> _Supplied records_

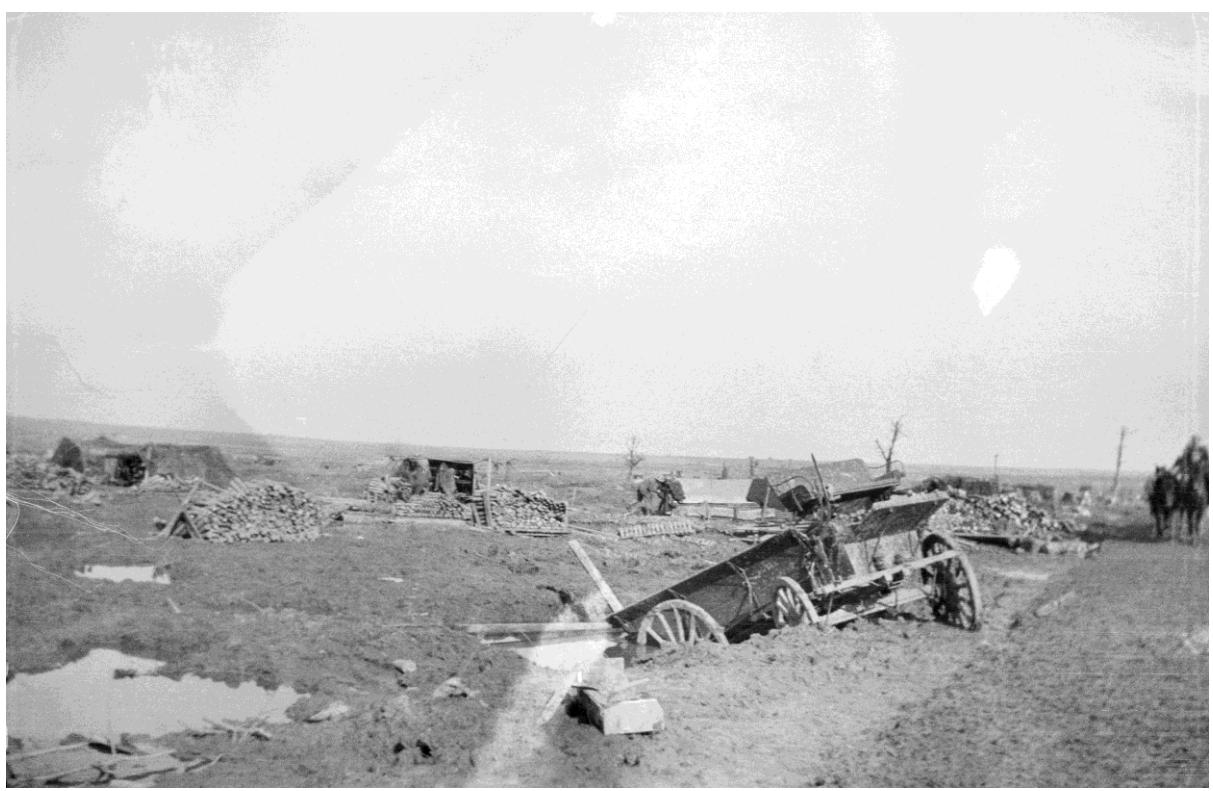
Image 6: A wagon bogged in a shell hole near Zonnebeke. Note the gun emplacements and dumps of 18-pounder shells in the background. (AWM E01048)

Australian War Memorial, SVSS paper, 2011 Aimée Fox, The performance of the 9th Brigade, AIF, at First Passchendaele © Australian War Memorial
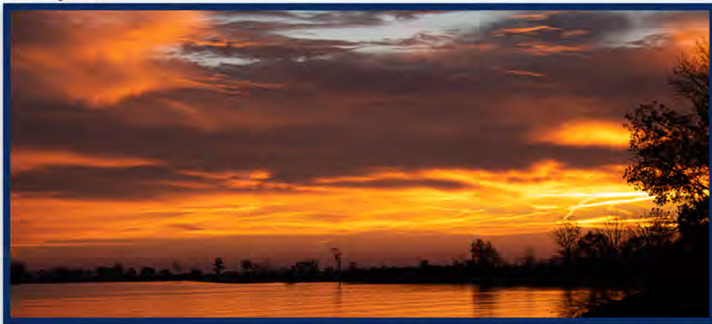
Sunrise at the Pastors Retreat
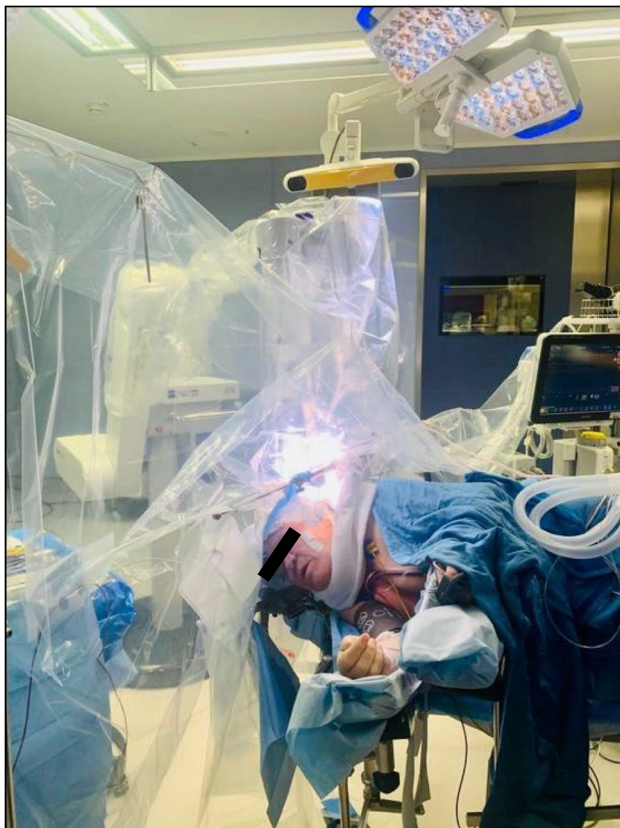
Fig. 4 IORT following metastasis resection via an asleep-awake-asleep approach in the surgery room of the University Hospital Augsburg

The anesthesiological management of asleep-awake-asleep craniotomies, in which general anesthesia or analgesedation is intermittently interrupted for neurological testing, needs specific requirements and a coordinated setting. It requires profound knowledge of neuroanesthesia including advanced airway management, to avoid complications during the procedure [13]. The anesthesiological procedures are a balancing act between overdosing anesthetics leading to impairment of respiration and alertness and underdosing directing pain, strain, and stress to the patient [12]. Pain
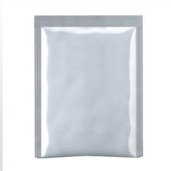
Three sides seal formation
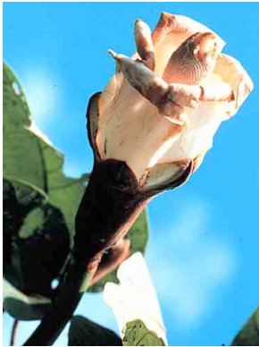
7 Ochroma pyramidale BOMBACACEAE
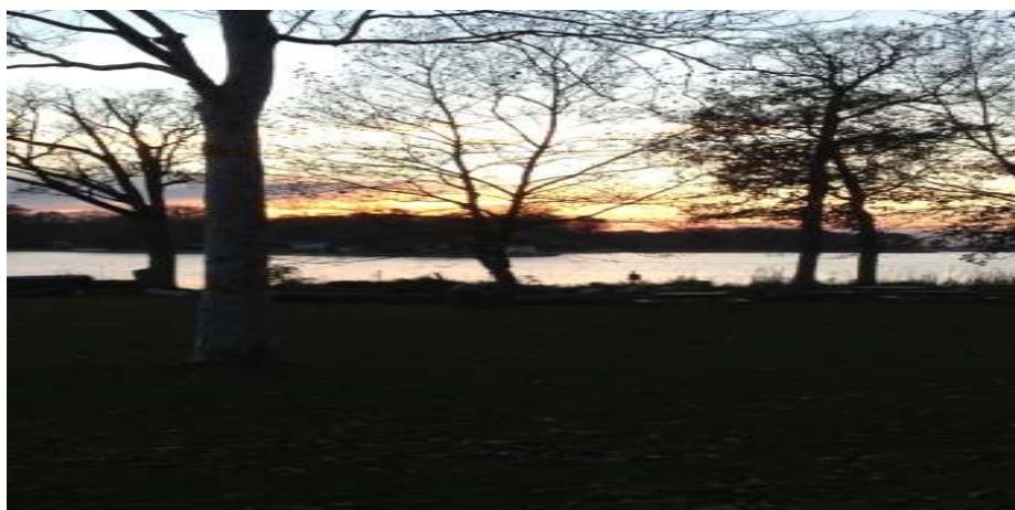
Quaker Haven Fall Impact 2012

Thanks to all those who came together to make our retreat a true Impact! See ya next year!!!
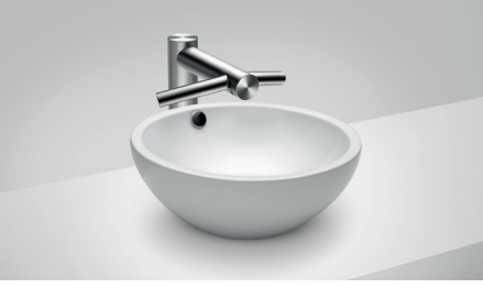
Counter top External dimensions L x W 445mm x 445mm
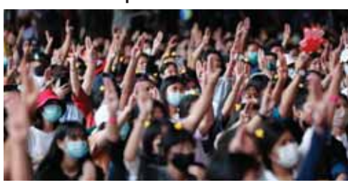
A crowd flashes the three-finger protest gesture during a student rally in Bangkok Saturday

Bangkok: Secondary school students in Thailand's capital rallied Saturday for educational and political reforms, defying government threats to crack down with legal action against the country's high-profile protest movement.
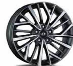
Alloy wheel 18" (52910D7370PAC)
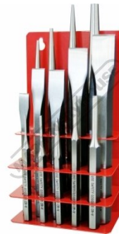
P364 Punch & Cold Chisel Set - 14 Piece
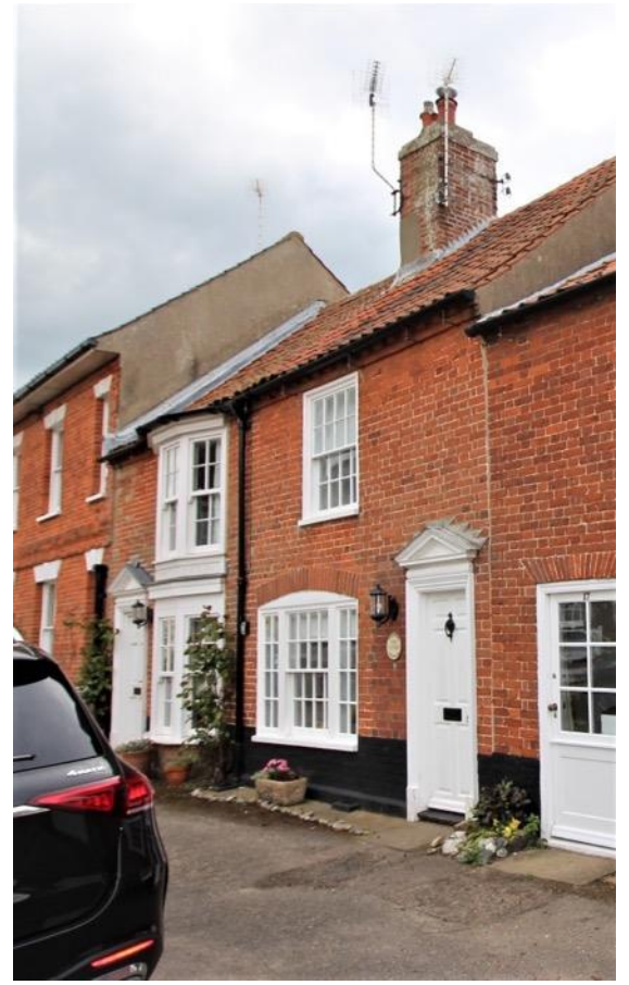
York Cottage No. 19 (right) & No.21 (left) South Green

No.17 South Green (Positive Unlisted Building). An early 19<sup>th</sup> century cottage with red brick elevation and painted render side return. Entrance under a gauged brick arch to the left and to the right are ground and first floor 8 over 8 pane sash windows, also with gauged brick heads. Red clay pan tile roof with red brick ridge stack to the west end.

> _Try it_
No picture is to appear in the copy; every entry above is otherwise to be printed verbatim.

> _Solved exercise_
Image 6: A wagon bogged in a shell hole near Zonnebeke. Note the gun emplacements and dumps of 18-pounder shells in the background. (AWM E01048)

Australian War Memorial, SVSS paper, 2011 Aimée Fox, The performance of the 9th Brigade, AIF, at First Passchendaele © Australian War Memorial
Sunrise at the Pastors Retreat
Fig. 4 IORT following metastasis resection via an asleep-awake-asleep approach in the surgery room of the University Hospital Augsburg

The anesthesiological management of asleep-awake-asleep craniotomies, in which general anesthesia or analgesedation is intermittently interrupted for neurological testing, needs specific requirements and a coordinated setting. It requires profound knowledge of neuroanesthesia including advanced airway management, to avoid complications during the procedure [13]. The anesthesiological procedures are a balancing act between overdosing anesthetics leading to impairment of respiration and alertness and underdosing directing pain, strain, and stress to the patient [12]. Pain
Three sides seal formation
7 Ochroma pyramidale BOMBACACEAE
Quaker Haven Fall Impact 2012

Thanks to all those who came together to make our retreat a true Impact! See ya next year!!!
Counter top External dimensions L x W 445mm x 445mm
A crowd flashes the three-finger protest gesture during a student rally in Bangkok Saturday

Bangkok: Secondary school students in Thailand's capital rallied Saturday for educational and political reforms, defying government threats to crack down with legal action against the country's high-profile protest movement.
Alloy wheel 18" (52910D7370PAC)
P364 Punch & Cold Chisel Set - 14 Piece
York Cottage No. 19 (right) & No.21 (left) South Green

No.17 South Green (Positive Unlisted Building). An early 19<sup>th</sup> century cottage with red brick elevation and painted render side return. Entrance under a gauged brick arch to the left and to the right are ground and first floor 8 over 8 pane sash windows, also with gauged brick heads. Red clay pan tile roof with red brick ridge stack to the west end.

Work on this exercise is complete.